TRY IT.
For this exercise, copy exactly the lines below from the one with "ABBYY FineReader представляет" through the one with "sua conta @escola)." and leave out the pictures.

Segment Start: PROVIDED ENTRIES

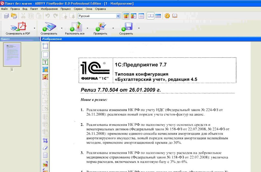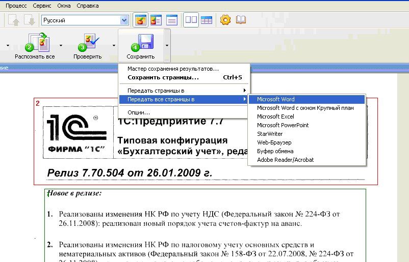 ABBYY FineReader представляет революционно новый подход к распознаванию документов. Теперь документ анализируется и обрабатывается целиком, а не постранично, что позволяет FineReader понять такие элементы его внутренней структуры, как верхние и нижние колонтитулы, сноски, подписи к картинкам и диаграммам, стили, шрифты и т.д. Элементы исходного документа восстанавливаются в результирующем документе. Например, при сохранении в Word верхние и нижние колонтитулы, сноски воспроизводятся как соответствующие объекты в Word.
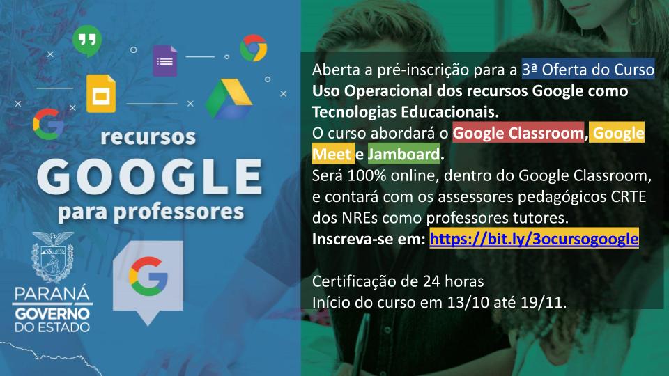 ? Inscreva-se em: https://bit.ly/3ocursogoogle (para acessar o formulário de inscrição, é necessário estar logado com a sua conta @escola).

Segment End: PROVIDED ENTRIES
Segment Start: PROVIDED ENTRIES

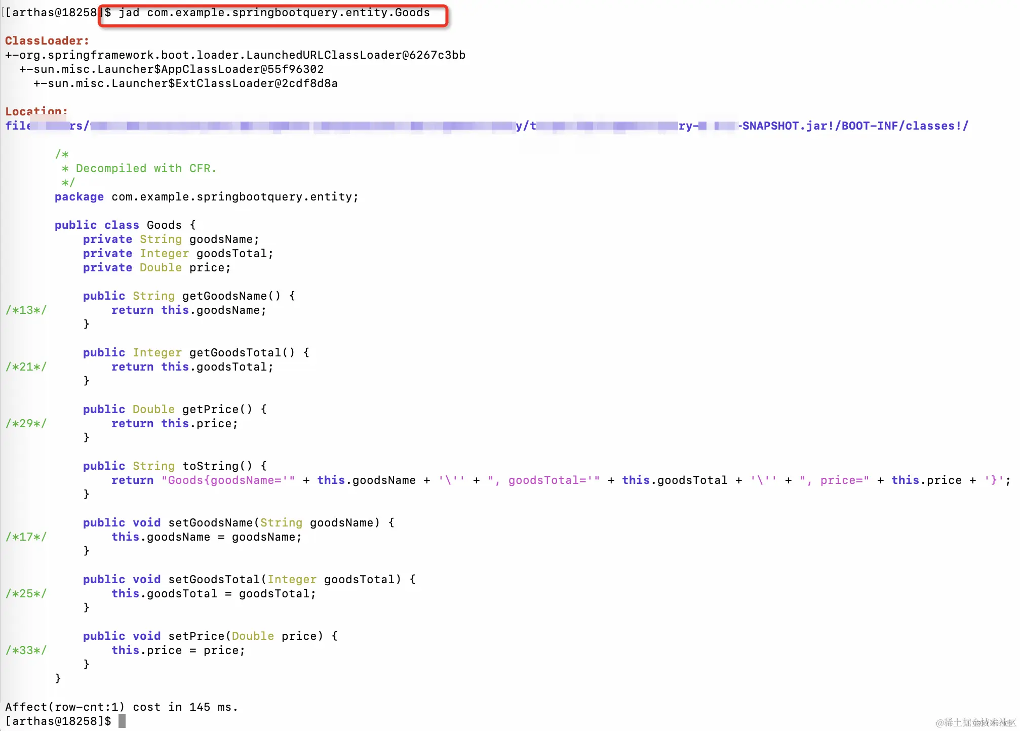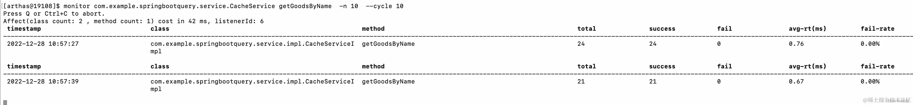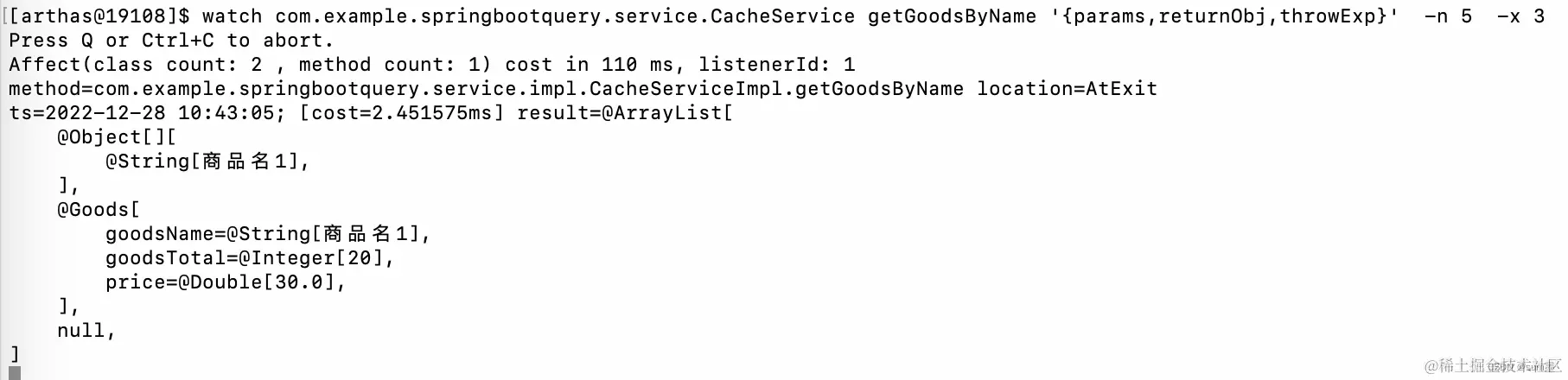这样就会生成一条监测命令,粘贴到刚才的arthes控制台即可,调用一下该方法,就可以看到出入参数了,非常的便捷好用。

Segment End: PROVIDED ENTRIES

REPLY.
 ABBYY FineReader представляет революционно новый подход к распознаванию документов. Теперь документ анализируется и обрабатывается целиком, а не постранично, что позволяет FineReader понять такие элементы его внутренней структуры, как верхние и нижние колонтитулы, сноски, подписи к картинкам и диаграммам, стили, шрифты и т.д. Элементы исходного документа восстанавливаются в результирующем документе. Например, при сохранении в Word верхние и нижние колонтитулы, сноски воспроизводятся как соответствующие объекты в Word.
 ? Inscreva-se em: https://bit.ly/3ocursogoogle (para acessar o formulário de inscrição, é necessário estar logado com a sua conta @escola).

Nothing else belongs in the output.